Командир часто про свою девушку Люсю рассказывал. Говорил, что красивая — прямо живая Снегурочка. Слушали мы его, и каждый думал, вспоминал своих любимых.

 

Две сиротки

Мария и Пётр Сысоевы так и жили у Люси. Первое время всё было хорошо. Пётр смастерил себе протез на левую ногу, оформил пенсию по ранению, ему дали третью группу инвалидности. Группа рабочая, но работать он не собирался. Мария жалела мужа, старалась накормить повкуснее. Через год, в 1944-м родился сын, назвали Ваней в честь Люсиного отца. Сама Мария продолжала работать на путях. Работа тяжёлая, Люся помогала с малышом. Через полгода Мария умерла прямо на работе – отказало сердце. Тут Пётр совсем сорвался, запил. Пока Люся получала пособие за погибшего отца, она ещё держалась. А как исполнилось ей 18 лет, пособие платить перестали. И Ванюшке в пособии отказали, ведь у него есть отец. Пётр денег не давал. Пришлось Люсе снова попроситься на работу на элеватор. Мальчика она брала с собой. Стала замечать, что из дома пропадают вещи. Сначала швейная машинка, потом платяной шкаф — отцова память. Даже бочки для засолки овощей пропил. Люся боялась, что и дом её может «уйти», поэтому отнесла все документы на работу и положила в сейф к директору.

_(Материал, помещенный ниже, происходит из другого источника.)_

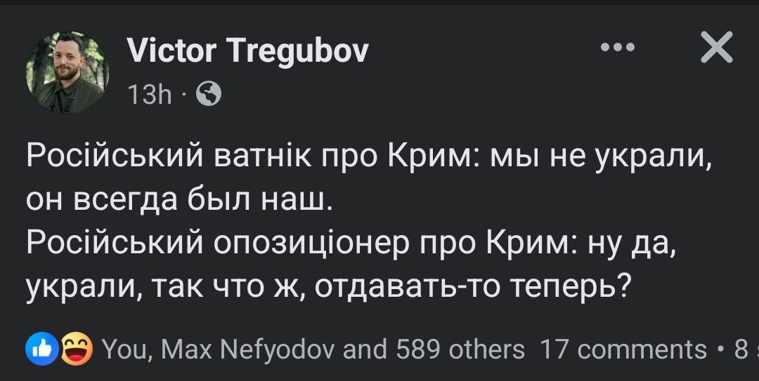 Вообще у российских "либералов" не в моде признавать, что российское общество сгнило ещё минимум 10 лет назад и именно поэтому в России ликовали "Крым наш" и радостно паковали чемоданы в Алушту. Хотя весь развитой мир просто офигел, что в 21 году можно просто взять и силой отжать у соседей регион. Но россиянам это норм.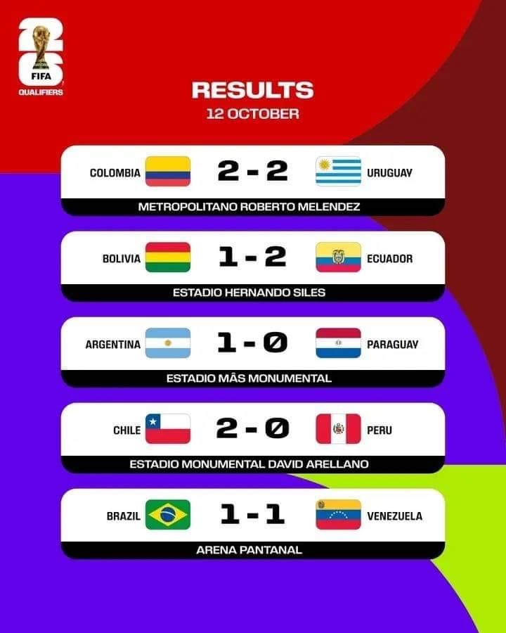 وتعادلت كولومبيا مع أوروغواي 2-2، سجل للأول خاميس رودريجيز (د 35) وماتيوس أوريبي (د 52) وللثاني ماتياس اوليفيرا (د 47) وداروين نونيز من ضربة جزاء (د90).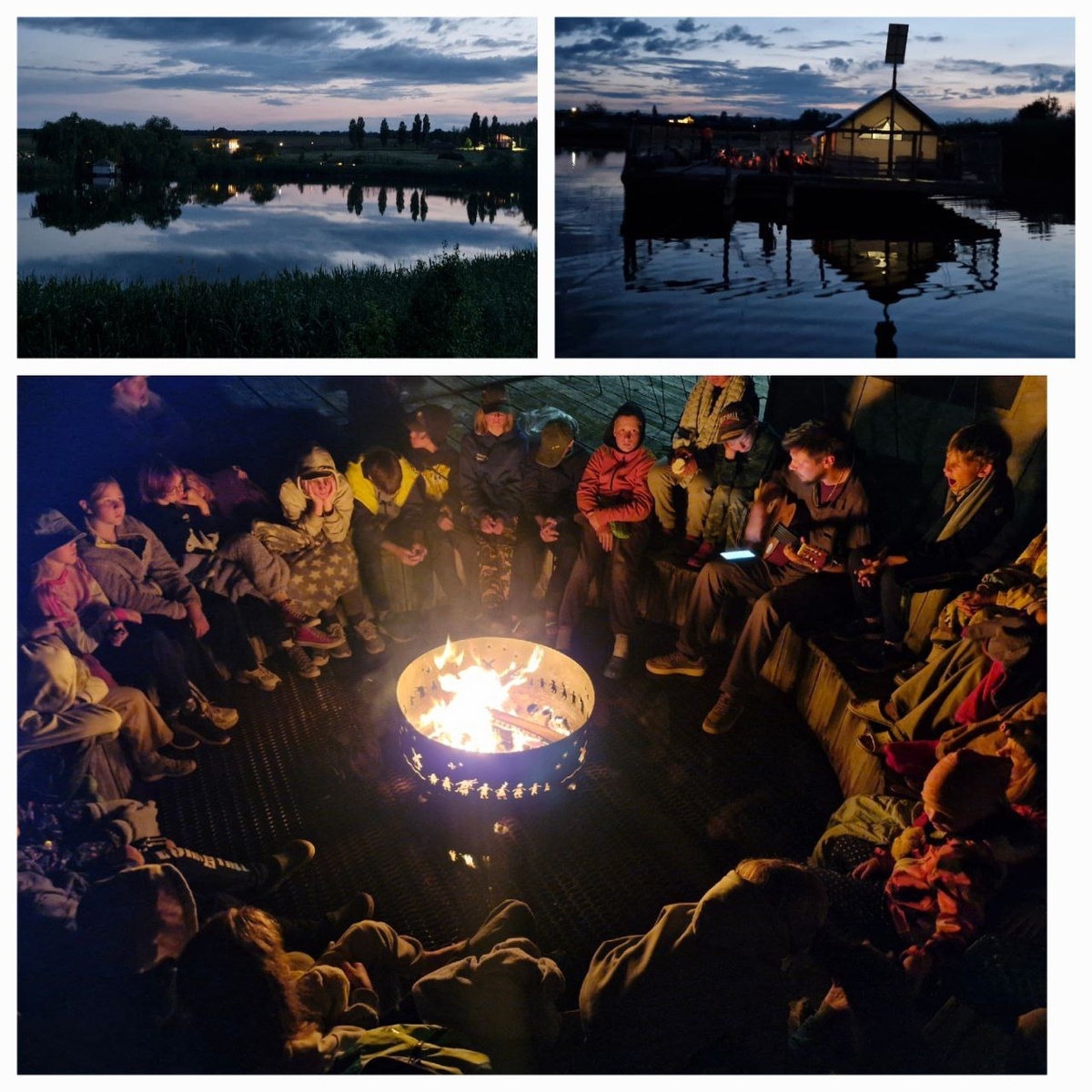 Последний вечер мы провели очень необычно! Нигде ещё такого не видела, костровое место посреди водной глади. С берега на небольшом плоту переправляемся на большой понтон, посреди которого оборудовано костровое место, для огромной компании, как раз такой, как наша. На этом понтоне даже можно жить, там стоит глэмпинг с кроватями. Виды с него потрясающие, костёр отражется в воде, соловьи и хор лягушек пытаются перепеть друг друга. Но, перепели их мы)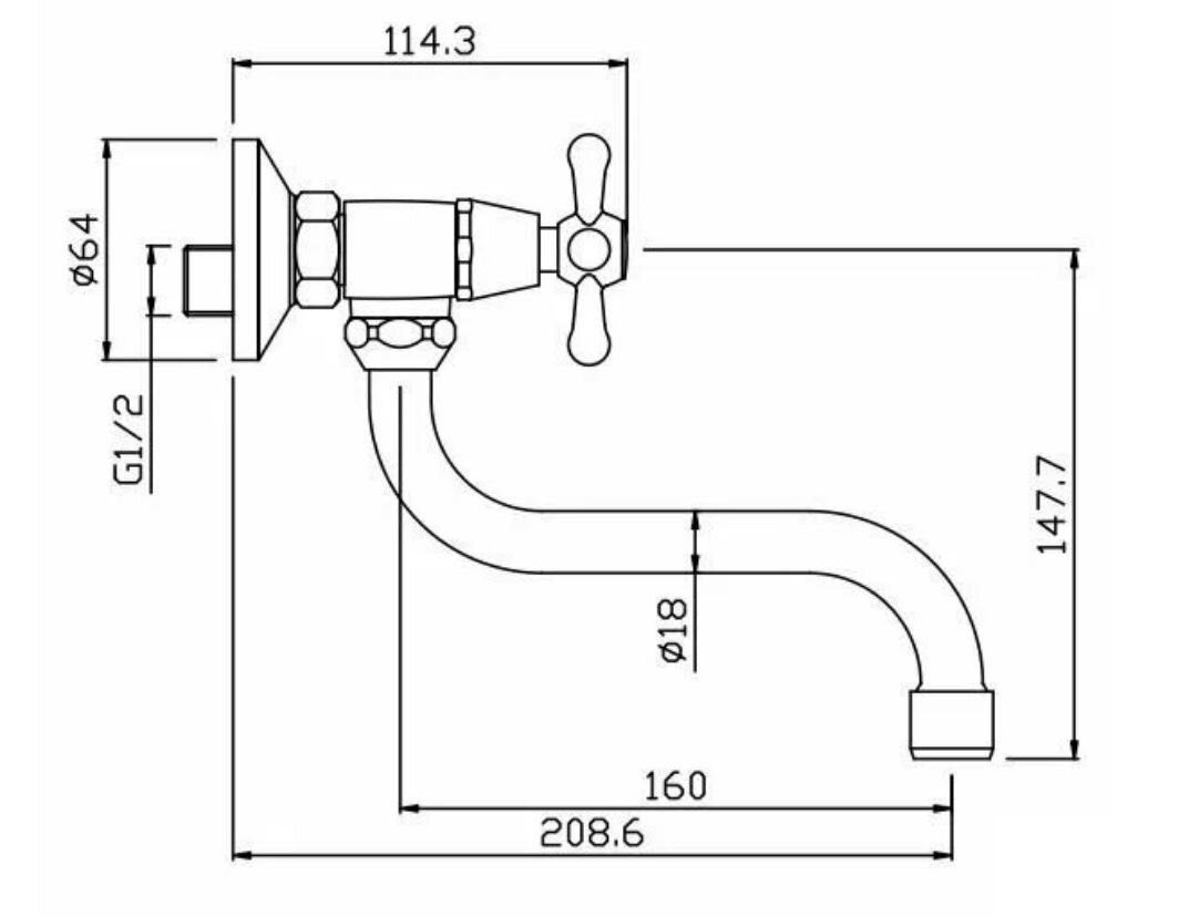 "ARGO" Смеситель для кухни настенный, DOM, 1/2" кер., информация: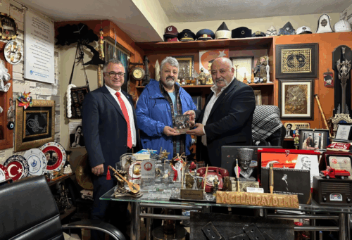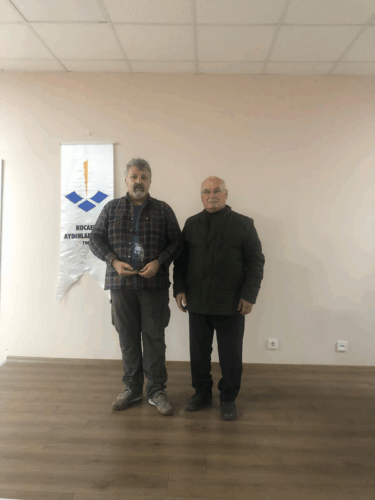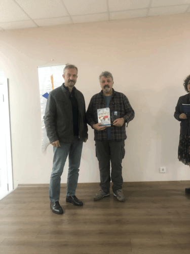 Dr. Süleyman Pekin, kendi yazdığı imzalı “Türkosfer” isimli kitabını Taymaz’a takdim ederken.
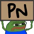 An animated pixel art sticker featuring Pepenet and Pepecoin, a Peepo character, holding two vibrant sabers and dancing energetically.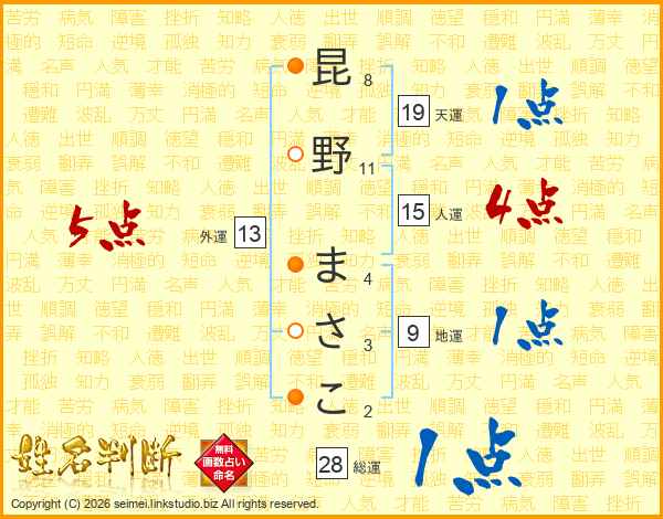 昆(8画)野(11画) ま(4画)さ(3画)こ(2画)

Люся пожаловалась участковому. Тот пришёл, они вместе напились, и он стал приставать к ней. Схватив ребёнка, она убежала, пришлось им ночевать в огороде. Хорошо ещё, что топливную книжку на Ивана давали за мать и Люсе за отца, он же машинистом был до войны. Хоть зимой не мёрзли.

Особенно тяжело было жить в 1945 году. Зимой Ванюшку Люся не брала с собой на работу — не во что было одеть. Она оставляла мальчику еду, прятала под подушку и уходила. Иногда отец, когда был трезвым, обнимал сына, плакал, приговаривая: «Сиротинушка ты моя, бросила нас мамка…». А чаще ругался, съедал на закусь у мальчика его обед. Ванюшка боялся отца, иногда убегал из дома и ждал Люсю где-нибудь у соседей.

 

Я нашёл её!

Лето 1947 года выдалось дождливым, дороги развезло. Люся разбудила Ванюшку: «Я не могу сегодня взять тебя с собой, на улице дождь. Обед под подушкой, раздели на два раза, я постараюсь вернуться пораньше». Ей долго пришлось обходить балку, которую в галошах не перейти. Около конторы стояли двое мужчин: машинист Иван Рюмин и какой-то незнакомец.

— Опаздываешь, Люся, — покачал головой Рюмин.

— Да вот, пришлось долго обходить.

Люся вошла в контору.

— Послушайте, как вы назвали девушку? — спросил незнакомец.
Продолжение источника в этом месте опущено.